That said: This rule works only if you you find a good repair team and learn to deal with them in the most effective way. Toward that double goal, with the help of automotive service experts we have developed five questions to ask a repair shop you are considering or have been using. The questions:
1. Do you work on my car make?
Almost any shop will work on cars from Ford, Chevrolet and other General Motors brands and probably Honda and Toyota. But if you have a German-made car, for instance, mechanics may need specialized knowledge and tools. A specialist shop might work on cars from Mercedes-Benz, BMW, Mini (owned by BMW), Audi and Volkswagen. You don't want to waste time with the wrong shop.

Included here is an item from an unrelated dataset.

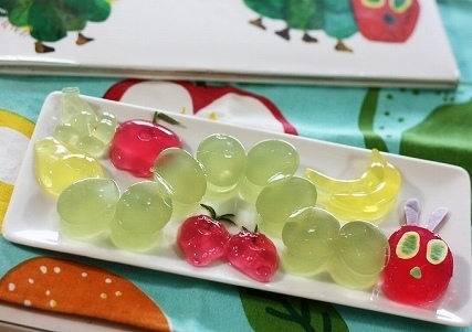 なかなかすっきり使い切ることができないかき氷のシロップと寒天で、子どもに絶大な人気を誇る絵本、はらぺこあおむしの寒天ゼリーを作りました。

2. Is your shop approved by the AAA?
The national office of state and regional auto clubs maintains a list of about 7,800 shops across the country that pass their stringent tests. AAA personnel check the shop's finances and insurance, see if their staff mechanics are certified in various automotive systems and survey customers to check on satisfaction.
The AAA list available by zip code is the best screen. But if it doesn't include a shop convenient to you, do the same kind of research that AAA does. "There are always some good shops out there that we have not reviewed," says Michael Calkins, manager of the AAA approved auto repair program.
He suggests asking friends for recommendations and checking consumer review sites like Yelp. Then check for any complaints with the Better Business Bureau and the state attorney general's office. Also ask how many individual mechanics working at a shop have certification in their specialties from the National Institute for Automotive Service Excellence (usually known as ASE).
3. Does your shop give written estimates?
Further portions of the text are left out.